Друг никогда не умирает - стр. 5
– Старик, ты художник… Настоящий художник! Но – только на тридцати шести страницах твоей рукописи. Всё остальное «чепушатина»! Тебе надо очень серьезно учиться литературному мастерству. Если согласен, то я готов помочь. Приходи ко мне домой, будем говорить.
Выйдя из телефонной будки, я медленно побрел по улице Амурской. Счет был явно не в мою пользу: тридцать шесть из пятиста! Какой-то сакральный смысл в этом невольно усматривался, ведь столько же игральных карт в колоде. И будет ли хотя бы одна из них козырной? Если нет, то стоит ли вообще писать? Рожденный ползать…

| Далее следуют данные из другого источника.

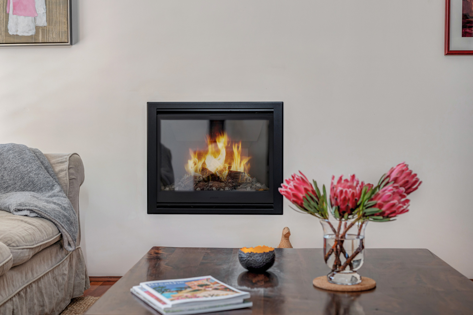 Geräumiges Wohnzimmer mit bequemem Sofa, originalen Kunstwerken und einem gemütlichen Kamin für romantische Abende.
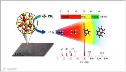 利用这种配位不饱和的单原子铁中心活化甲烷分子成吸附态的甲基,再通过1090℃的高温,使得甲基自由基挥发至气相,使得气相中的甲基自由基偶联,生成乙烯或者芳烃。在合适条件下,其乙烯、苯和萘的选择性>99%,实现了碳原子的极高利用。

Через четверть часа я произнес эту весьма невеселую фразу высокому, под два метра ростом, плечистому, необычайно стройному человеку с широким тунгусоватым лицом, с зачесанными назад темными, с первой проседью, волосами над высоким лбом. Отчетливо помню, как поразили его глаза: пронзительно-черные, с каким-то даже синеватым оттенком, они смотрели на меня с почти детским любопытством, были живыми, лучились добром, и мое волнение как-то незаметно улетучилось. Выслушав меня, он тихонько посмеялся и произнес с укоризной:
– Нет, старик, это изречение не для тебя. Потому, что ты – летаешь. Теперь надо научиться ходить по земле. Уверенно ходить, а не ползать! В твоем случае это значит научиться писать. Но только ответь: сможешь ли учиться этому долгое время?
– Конечно, смогу! – самоуверенно сказал я, имея за плечами среднюю школу, учебу в Львовском и Читинском аэроклубах, службу в Воздушно-десантных войсках и Омское летное училище. В сумме все это тянуло как минимум лет на двадцать пять. Что ж, пусть будет еще года два-три. Но писатель положил тяжелую ладонь на мое плечо:
– Ты, наверное, не совсем правильно понял мою метафору: учиться придется всю жизнь. И работать до черного пота.
Так в мою жизнь вошел Николай Дмитриевич Кузаков, мой СТАРИК, мой Учитель. Он вошел со своими словами: чепушатина, до черного пота, невдогляд, беспроклый, вытропить, соболятничать, медвежало, гордачливый, изнапраслина, ознобень, разнемога, непутя'вка и многими-многими другими, которыми изобиловало его образное, богатое, изумительно-прекрасное северное наречие. Но главным его словом применительно ко мне было слово «старик», хотя мне в ту пору не было еще и тридцати. Не знаю, почему так случилось. И не могу припомнить, чтобы он называл меня по имени. Старик да Старик. И для меня он, в то время совсем еще молодой мужчина, едва перешагнувший полувековой жизненный рубеж, тоже стал Стариком. Навек моим! Хотя, кроме как по имени-отчеству, я его никогда не называл. А потом я прочел его повесть «Именной карабин» и понятие Старик по отношению к моему литературному отцу и учителю укрепилось во мне навсегда. Потому, что в этой небольшой, с незамысловатым сюжетом повести я вдруг увидел в кузаковском герое-охотнике того, хемингуэевского героя-рыбака из повести «Старик и море». Точно таким же могучим накалом любви человека к жизни, к отрицанию ветхости и бессилия озарено произведение дедушки Хэма, как и повесть Кузакова.